When he was eighteen, Dutchy moved to Minneapolis, where he took any work he could
find playing piano in bands and bars. “Maynard wanted me to take over the farm, but
I knew I wasn’t cut out for it,” he says. “Honestly, I was grateful to have a skill
I could use. And to live on my own. It’s a relief to be an adult.”
I hadn’t thought about it like this, but he’s right—it is a relief.
He reaches over and touches my necklace. “You still have it. That gives me faith.”
“Faith in what?”
“God, I suppose. No, I don’t know. Survival.”
As light begins to seep through the darkness outside the window, around 5:00 A.M ., he tells me that he’s playing the organ in the Episcopal Church on Banner Street
at the eight o’clock service.
“Do you want to stay till then?” I ask.
“Do you want me to?”
“What do you think?”
He stretches out beside the wall and pulls me toward him, curving his body around
mine again, his arm tucked under my waist. As I lie there, matching my breathing to
his, I can tell the moment when he lapses into sleep. I inhale the musk of his aftershave,
a whiff of hair oil. I reach for his hand and grasp his long fingers and lace them
through mine, thinking about the fateful steps that led me to him. If I hadn’t come
on this trip. If I’d had something to eat. If Richard had taken us to a different
bar. . . . There are so many ways to play this game. Still, I can’t help but think
that everything I’ve been through has led to this. If I hadn’t been chosen by the
Byrnes, I wouldn’t have ended up with the Grotes and met Miss Larsen. If Miss Larsen
hadn’t brought me to Mrs. Murphy, I never would’ve met the Nielsens. And if I weren’t
living with the Nielsens and attending college with Lil and Em, I would never have
come to Minneapolis for the night—and probably never would have seen Dutchy again.
My entire life has felt like chance. Random moments of loss and connection. This is
the first one that feels, instead, like fate.

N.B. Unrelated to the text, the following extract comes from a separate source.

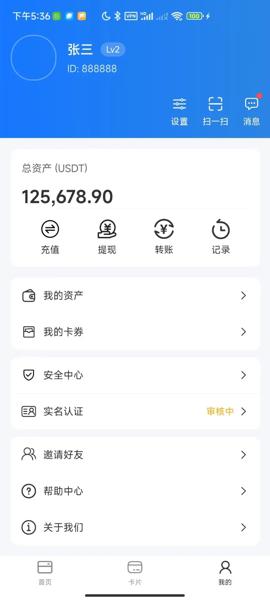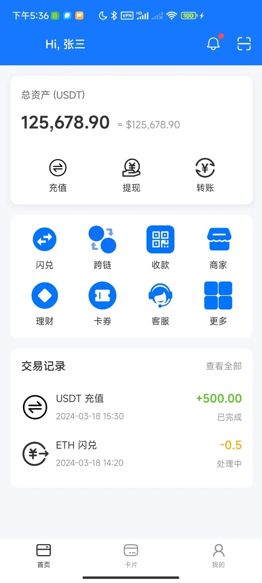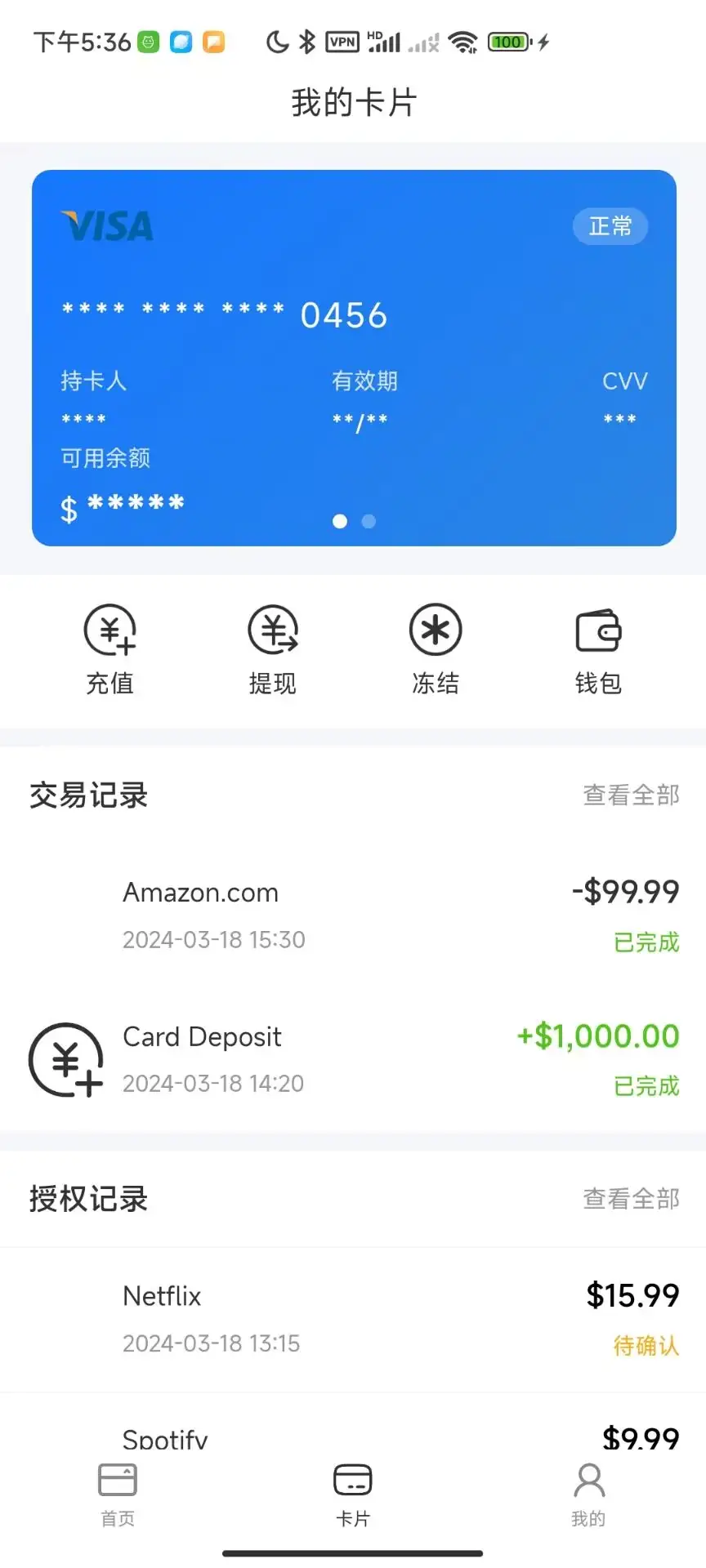 - 【卡片页面】支持连接其他钱包,交易记录,授权记录,冻结,卡片信息。

“S O ?” L IL DEMANDS . “W HAT HAPPENED ?”
We’re on our way back to Hemingford, with Em stretched out and groaning on the backseat,
wearing dark glasses. Her face has a greenish tint.
I am determined not to give anything away. “Nothing happened. What happened with you?”
“Don’t change the subject, missy,” Lil says. “How’d you know that guy, anyway?”
I’ve already thought about an answer. “He’s come into the store a few times.”
Lil is skeptical. “What would he be doing in Hemingford?”
“He sells pianos.”
“Humph,” she says, clearly unconvinced. “Well, you two seemed to hit it off.”
I shrug. “He’s nice enough.”
“How much money do piano players make, anyway?” Em says from the back.
I want to tell her to shut up. Instead I take a deep breath and say, breezily, “Who
knows? It’s not like I’m going to marry him or anything.”
Ten months later, after recounting this exchange to two dozen wedding guests in the
basement of Grace Lutheran Church, Lil raises her glass in a toast. “To Vivian and
Luke Maynard,” she says. “May they always make beautiful music together.”
Hemingford, Minnesota, 1940–1943
In front of other people I call him Luke, but he’ll always be Dutchy to me. He calls me Viv—it sounds a bit like Niamh, he says.